The results also show that the treated bentonite has the greatest capacity for adsorbing oleic acid, and therefore the greatest effectiveness as a pitch control agent, when the exchangeable monovalent cation is lithium, rather than sodium.

Claims (16)

1. A pitch control agent, for use in a paper making composition, which pitch control agent comprises a smectite clay modified so as to have monovalent exchangeable cations present in an equivalent ionic fraction in the range of from 0.20 to 0.60, a first type of divalent exchangeable cations present in an equivalent ionic fraction in the range of from 0.40 to 0.80, and a second type of divalent exchangeable cations present in an equivalent ionic fraction in the range of from 0.00 to 0.20, wherein the first type of diva lent exchangeable cations comprises calcium and the second type of divalent exchangeable cations comprises magnesium.

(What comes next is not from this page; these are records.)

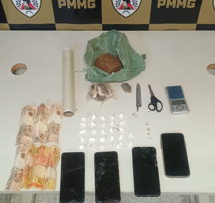 Foram apreendidos 27 dolas de cocaína, meia barra de maconha, uma porção de “flor” de maconha, uma bucha de maconha, quatro pedras de crack, quatro celulares, uma balança de precisão, tesoura e faca, material para dolagem e R$ 260,00.
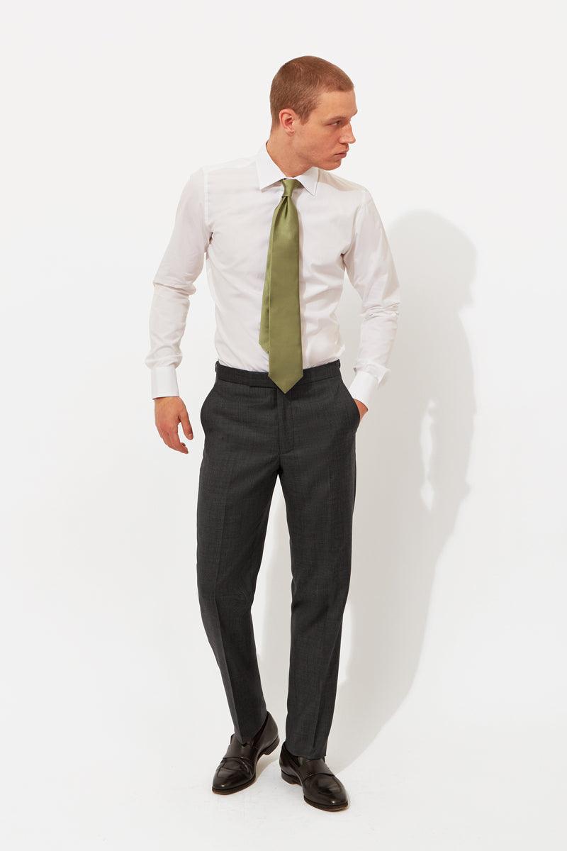 Our sharp, very subtly textured and sheened Hyde two-button wool twill sharkskin suit.
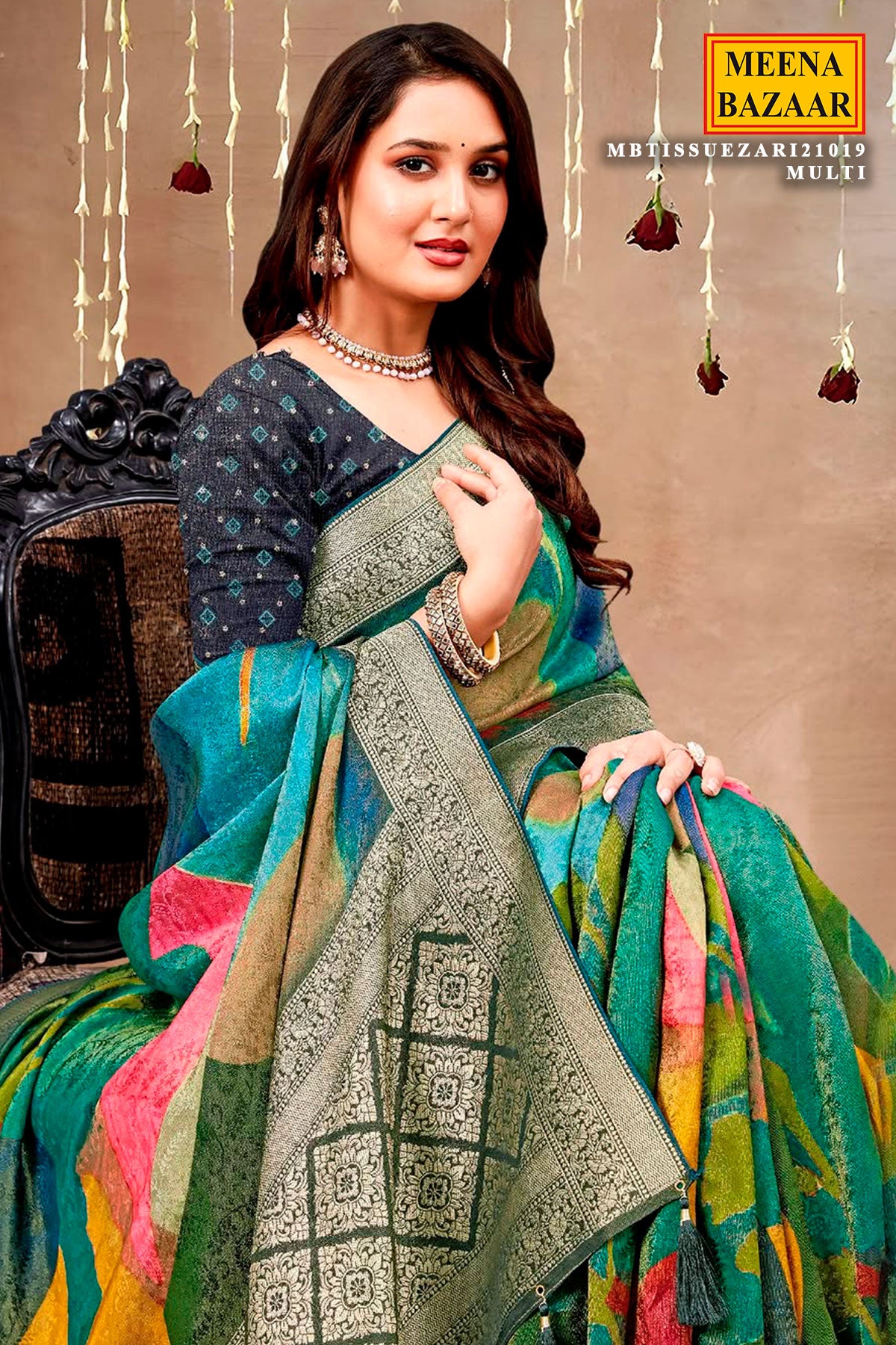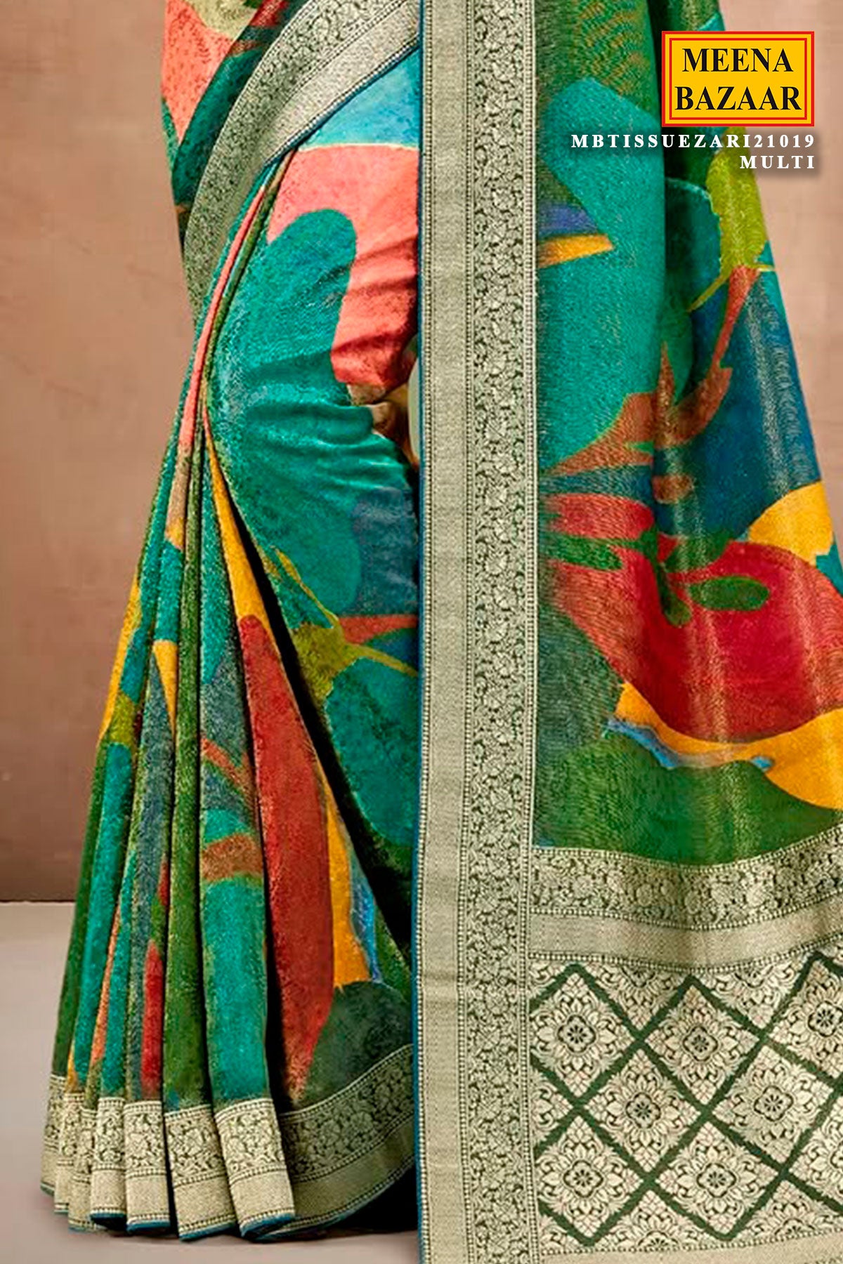Multi Color Tissue Zari Silk Printed Saree Festive Wear
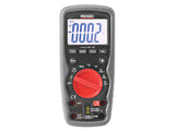 The multimeter has a double moulded water-resistant (1m) IP67 housing. It is also drop-proof and perfectly suitable for use in the harshest job site conditions. An extra large backlit LCD display provides easy and clear readings.
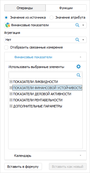 Примечание. Если календарная динамика операнда отличается от календарной динамики формулы расчёта, то в результате расчёта формулы данные будут рассчитаны по календарной динамике формулы.
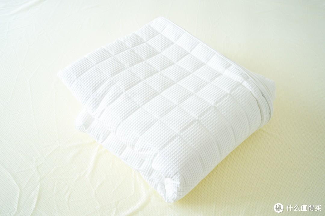 这款床垫在设计方面吸引我的有两点,第一点就是表面采用方形纹理A类华夫格面料,视觉上很精致,触感也舒服,类似酒店浴袍的感觉。
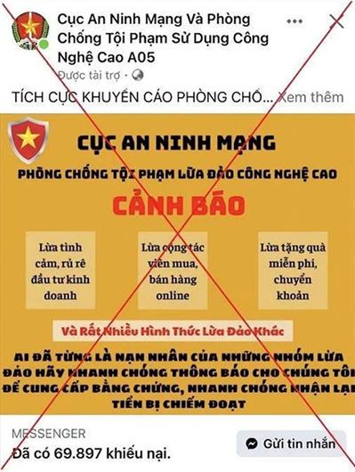 Thời gian qua, trên mạng xã hội Facebook xuất hiện một số trang giả mạo các Cục nghiệp vụ thuộc Bộ Công an như: “Cục An ninh mạng”, “Cục An ninh mạng và phòng chống tội phạm sử dụng công nghệ cao”.v.v… Các trang này đưa thông tin khuyến cáo người dân về các thủ đoạn lừa đảo trực tuyến và biện pháp phòng chống. Đồng thời cung cấp các dịch vụ pháp lý hỗ trợ công dân như tư vấn lấy lại tiền lừa đảo, hỗ trợ xử lý các vụ bị lừa đảo chiếm đoạt tài sản. Nhiều người dân khi truy cập vào các trang mạng này không phân biệt được đâu là thông tin chính thức, thậm chí có người đã tiếp tục trở thành nạn nhân của tội phạm lừa đảo khi nghe, làm theo hướng dẫn trên các trang giả mạo này.
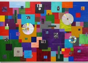 "The Cloud" - Mixed media (acrylics, computer parts, paper, found objects) on canvas (14" x 14" x 5/8")
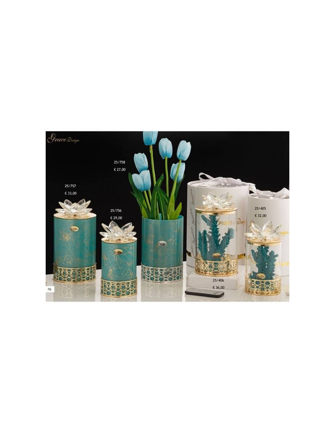Bomboniere raffinate ed eleganti candele profumate bellissimi contenitori con dettagli dorati e fiore cristallo su coperchio.
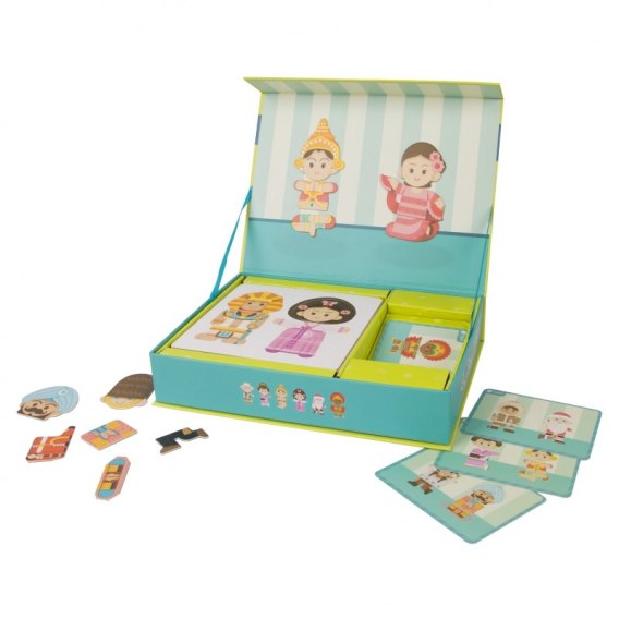 Układanka Ludzie z Całego Świata od renomowanej markiClassic World to idealny produkt dla naszych pociech, które zaczynają poznawać świat. Zestaw zawiera 60 elementów do ułożenia ludzi z różnych krajów na magnetycznej planszy. Układając postacie, możesz podążać za kartą lub stworzyć własną wersję ubioru. Ten zestaw daje dużo możliwości i świetną zabawę!
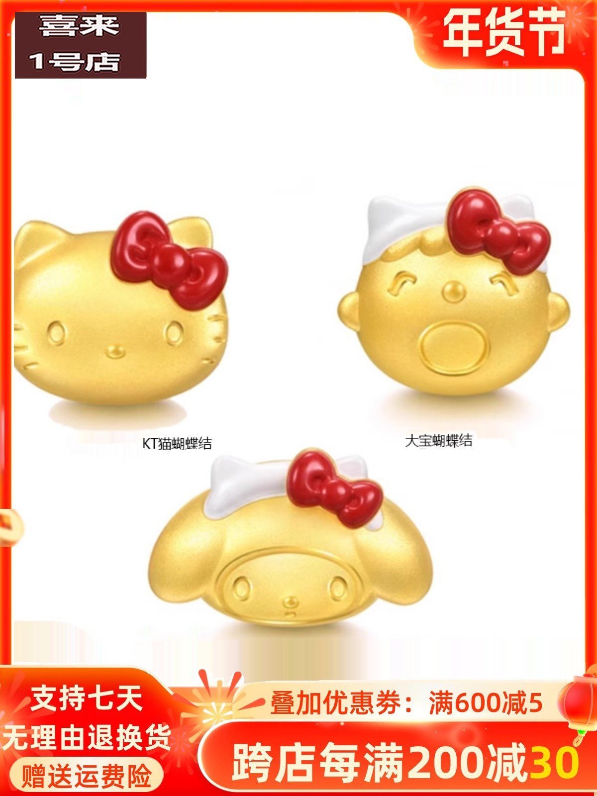 999 Gold Bow Kt Cat Pure Gold My Melody Anniversary Bead Transfer Bead Large Treasure Gold Jewelry Bracelet Gift for Girlfriend
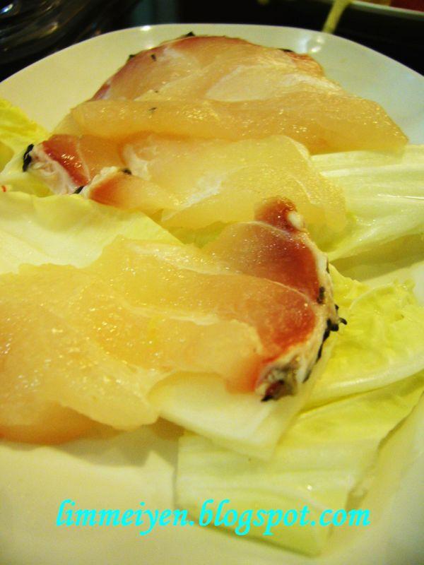 Another salad course was presented in a myriad of colours! Garden greens with Salmon, Tuna, flying fish roe and avocado served with wasabi mayo dressing. The addition of crunchy fried crab stick certainly a brilliant touch!
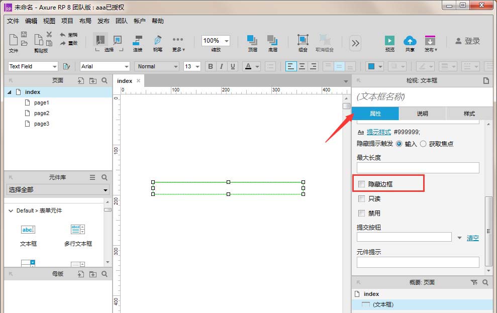 2、选中拖入的文本框,到窗口右侧 “属性" 将 "隐藏边框" 选项勾选。
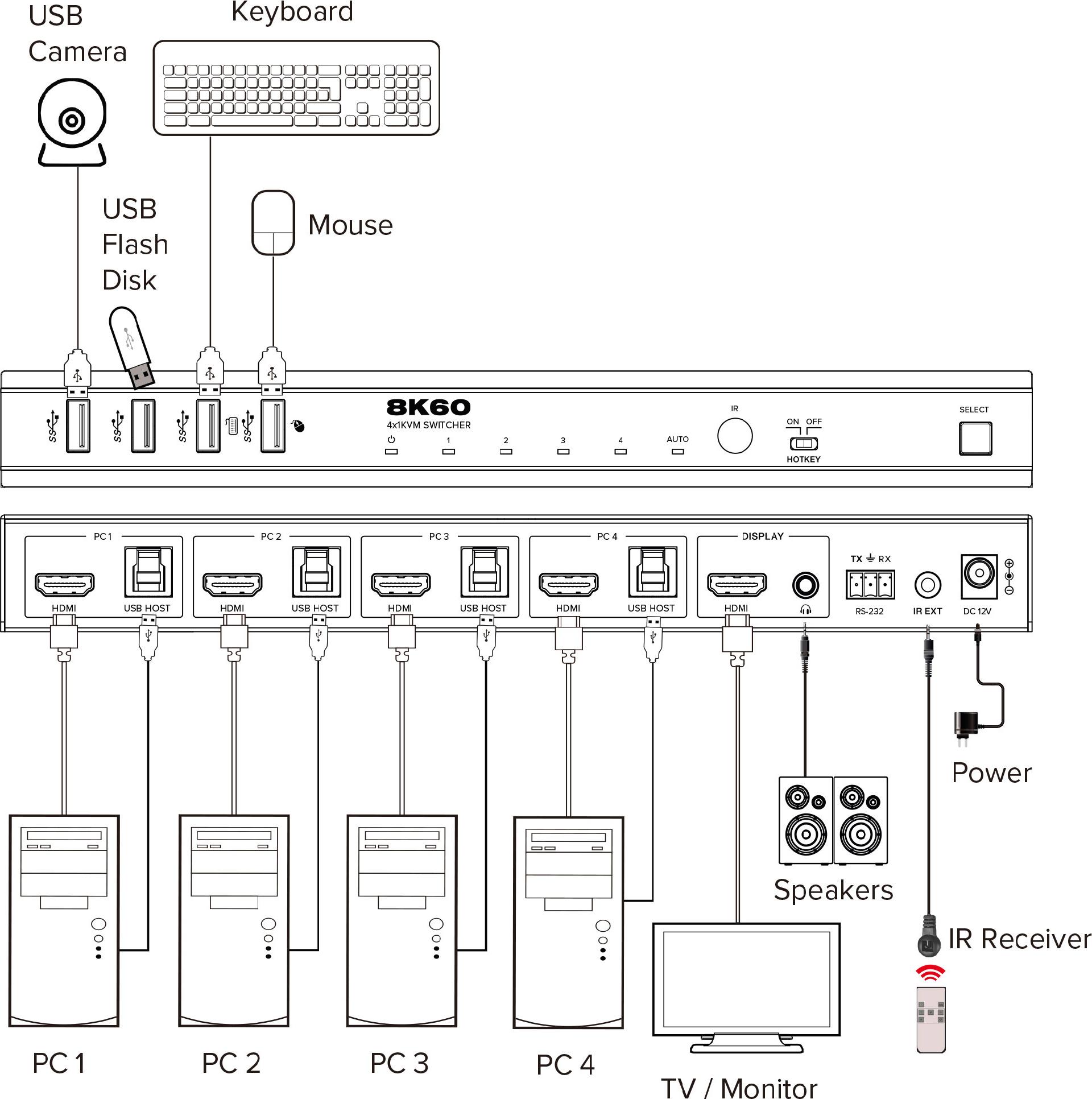 InLine KVM Switch - 4-fach - HDMI - 8K@60Hz - USB 3.2 - mit IR & RS-232 (57885D)

2. A pitch control agent according to claim 1, wherein the smectite clay comprises montmorillonite.

3. A pitch control agent according to claim 2, wherein the smectite clay is a bentonite, a major proportion of which comprises montmorillonite.

4. A pitch control agent according to any one of the preceding claims, wherein the monovalent exchangeable cations comprise lithium ions.

5. A pitch control agent according to any one of the preceding claims, wherein the monovalent exchangeable cations comprise sodium ions.

6. A pitch control agent according to any one of the preceding claims, wherein the monovalent exchangeable cations are present in an equivalent ionic fraction in the range of from 0.30 to 0.50.

7. A pitch control agent according to any one of the preceding claims, wherein the first type of divalent exchangeable cations are present in an equivalent ionic fraction in the range of from 0.50 to 0.70.

8. A pitch control agent according to any one of the preceding claims, wherein the second type of divalent exchangeable cations are present in an equivalent ionic fraction in the range of from 0.00 to 0 10.

9. The use of a pitch control agent, as claimed in any one of the preceding claims, in a paper making composition, wherein the pitch control agent is used in an amount such that there is present from about 0.05% to about 5% by weight of modified smectite clay, based on the weight of dry paper making fibres, in the composition.

10. A paper making composition including a pitch control agent as claimed in any one of claims 1 to 8.

11. A paper making composition according to claim 10, containing an amount of pitch control agent such that there is present from about 0.05% to about 5% by weight of modified smectite clay, based on the weight of dry paper making fibres in the composition.

12. A process for preparing a pitch control agent comprising a modified smectite clay, which method comprises mixing: (a) a smectite clay having exchangeable cations, substantially all of which are monovalent; (b) an amount of a compound having a first type of divalent exchangeable cations effective to provide an equivalent ionic fraction of the first type of divalent exchangeable cations in the range of from 0.40 to 0.80; and (c) an amount of a compound having a second type of divalent exchangeable cations effective to provide an equivalent ionic fraction of the second type of divalent exchangeable cations in the range of from 0.00 to 0.20.

13. A process according to claim 12, wherein the smectite clay is a bentonite.

14. A process according to claim 12 or 13, wherein the first type of divalent exchangeable cations are calcium ions.

15. A process according to any one of claims 12 to 14, wherein the second type of divalent exchangeable cations are magnesium ions.

16. A pitch control agent, according to claim 1, substantially as described in the foregoing Example.